We know that, if three points are collinear, then the area of triangle formed by these points is zero.

Since, the points A (k + 1, 2k), B (3k, 2k + 3) and C (5k - 1, 5k) are collinear.

Then, area of ΔABC = 0

1/2 [x₁ (y₂ – y₃) + x₂ (y₃ - y₁ ) + x₃ (y₁ - y₂ )] = 0

Here,

x₁ = k + 1,

x₂ = 3k

x₃ = 5k – 1

And

y₁ = 2k

y₂ = 2k + 3

y₃ = 5k

[(k + 1)(2k + 3 - 5k) + 3k(5k – 2k) + (5k – 1)(2k + 3)]

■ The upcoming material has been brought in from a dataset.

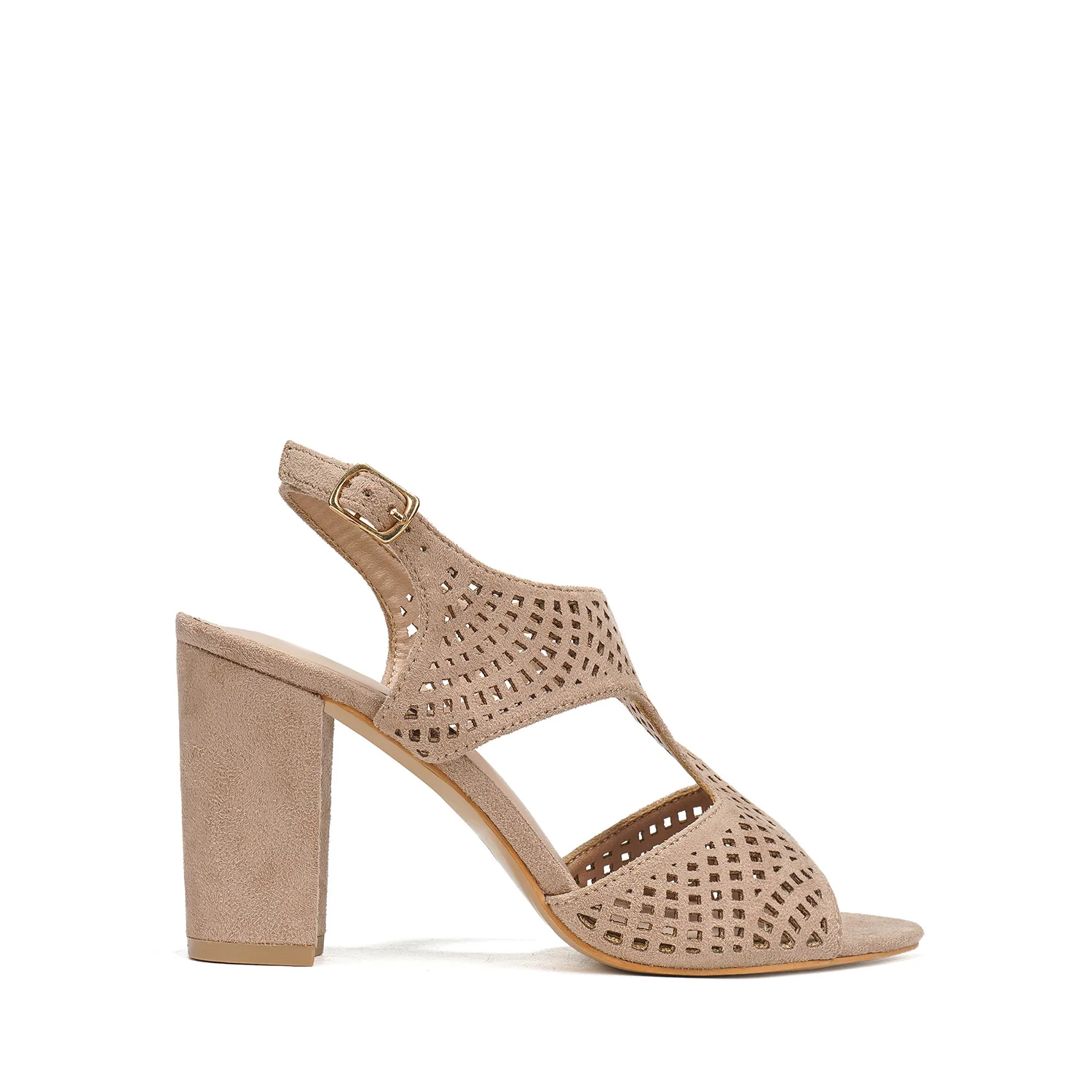 Women's Trendy Suede Laser Cut Block-Heel Slingback Sandals Light Weight Soft Casual & Summer Party Footwear Slip-On Closure

[(k + 1)( - 3k + 3) + 3k(3k) + (5k - 1)(2k – 2k – 3)] = 0

[ - 3k² + 3k - 3k + 3 + 9k² - 15k + 3] = 0

(6k² – 15k + 6) = 0 (multiply by 2)

→ 6k² – 15k + 2 = 0

→ 2k² – 5k + 2 = 0

[Divide by 3]

→ 2k² – 4k – k + 2 = 0

→ 2k (k – 2) – 1(k – 2) = 0

→ (k – 2)(2k – 1) = 0

If k – 2 = 0, then k = 2

If 2k – 1 = 0, then k= 1/2

∴ k = 2, 1/2

Hence, the required values of k are 2 and 1/2.